[Exercise materials — start]

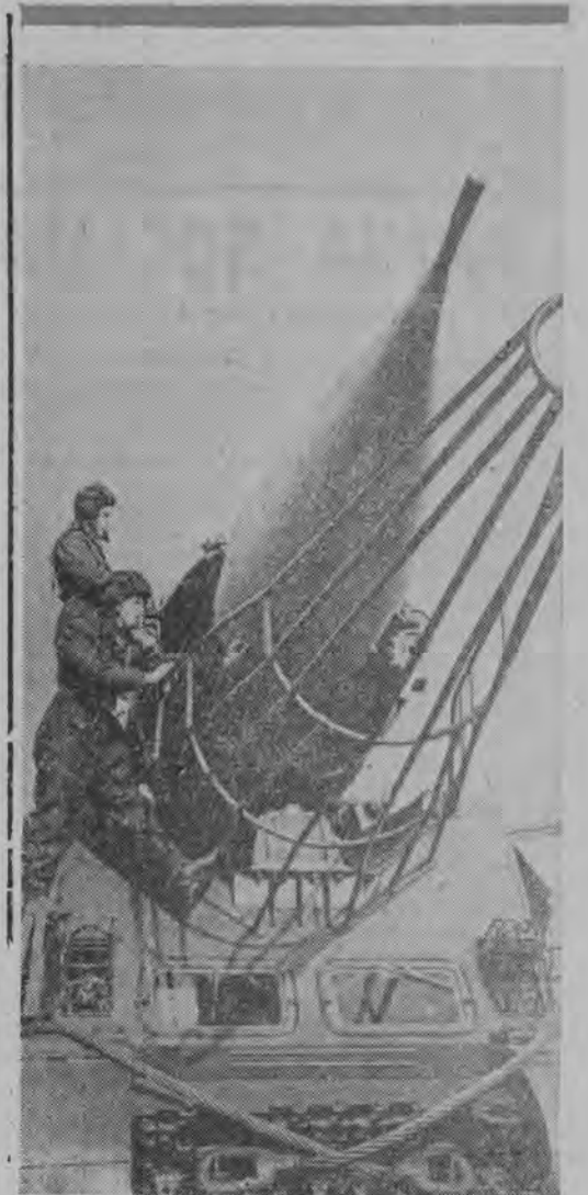
Rakietowy oddział Armii Radzieckiej podczas ćwiczeń.
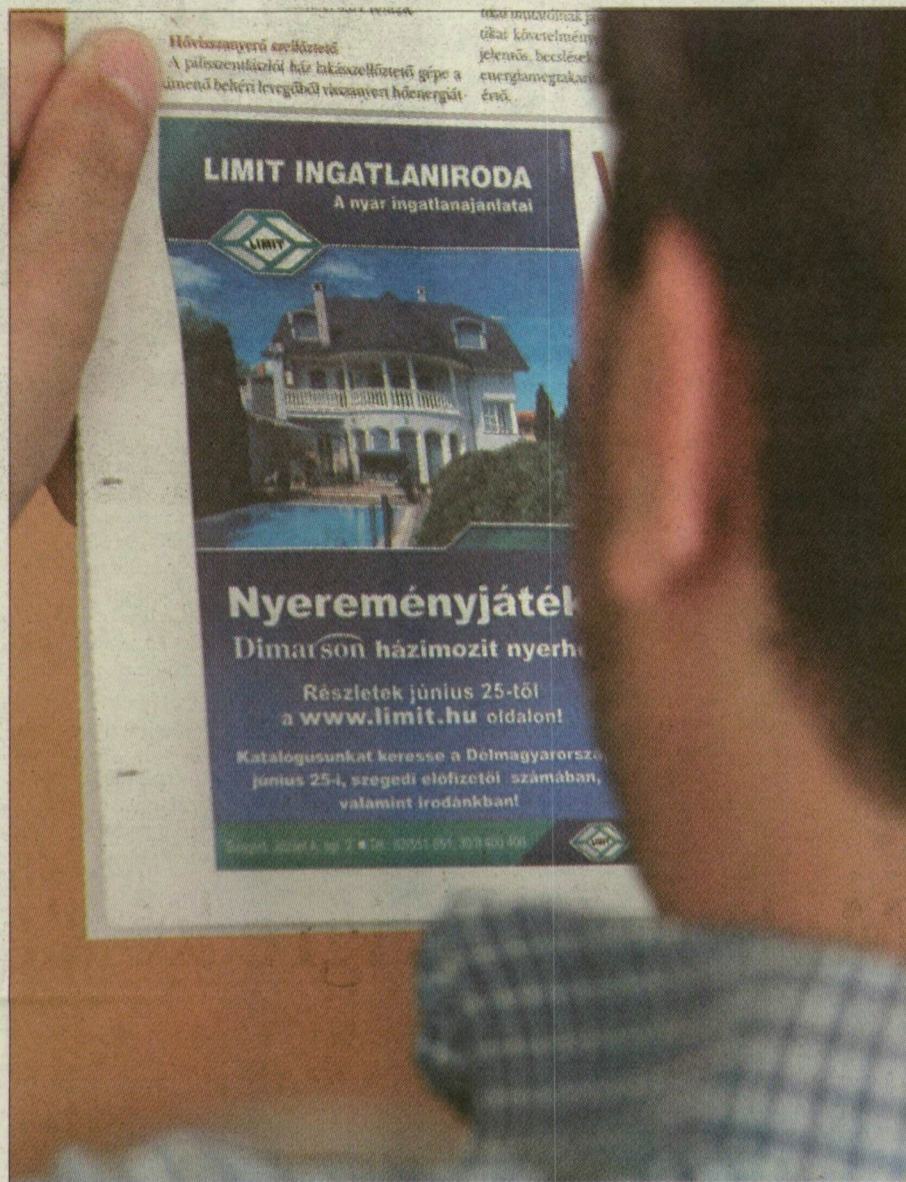
A hirdetésekben valódi csodapaloták is feltűnnek
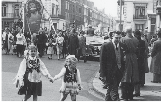
Wielka Brytania, Londyn, 22 kwietnia 1956 r. Antysowiecka demonstracja emigrantów z Europy Środkowo-Wschodniej.
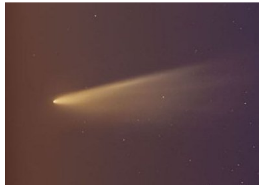
Рисунок 2 – Комета C/2023 A3, Аризона, США, 12.10.2024, максимально близка к Земле
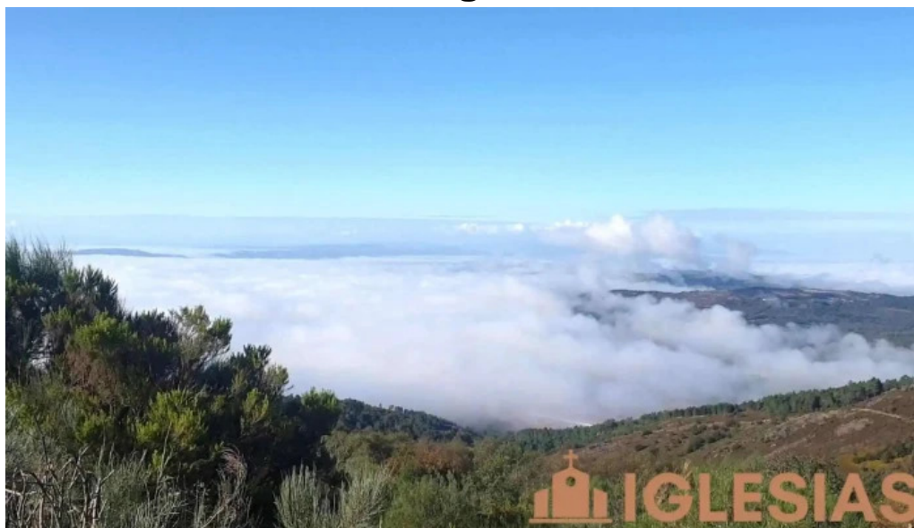
Junquera de espadanedo montana
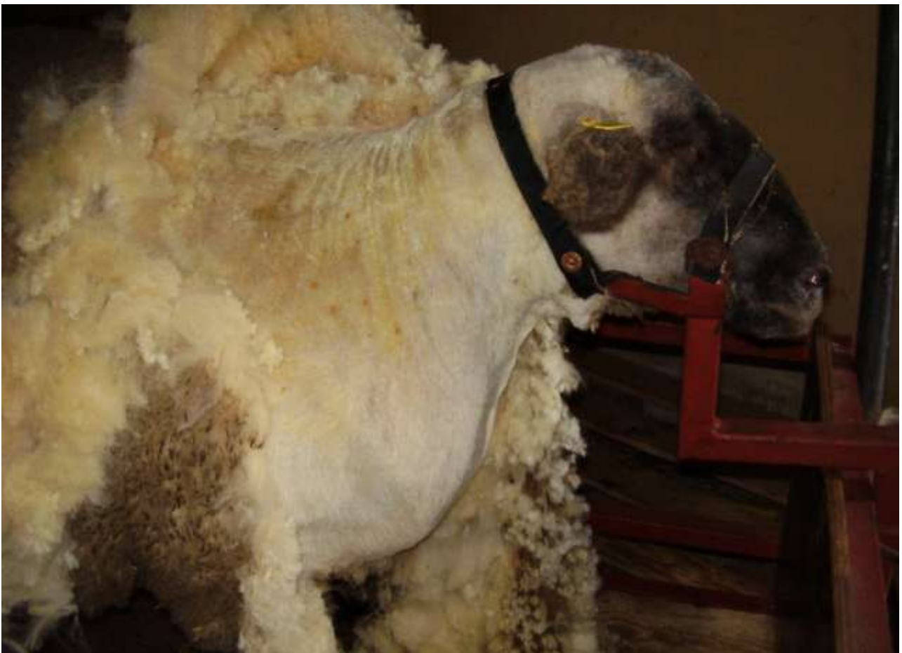
Fig: 6 Bryst og bov er klippet.

[Exercise materials — finish]

• [Activity]: Transcribe all entries above exactly. Omit the pictures.

• [Answer section]:
Rakietowy oddział Armii Radzieckiej podczas ćwiczeń.
A hirdetésekben valódi csodapaloták is feltűnnek
Wielka Brytania, Londyn, 22 kwietnia 1956 r. Antysowiecka demonstracja emigrantów z Europy Środkowo-Wschodniej.
Рисунок 2 – Комета C/2023 A3, Аризона, США, 12.10.2024, максимально близка к Земле
Junquera de espadanedo montana
Fig: 6 Bryst og bov er klippet.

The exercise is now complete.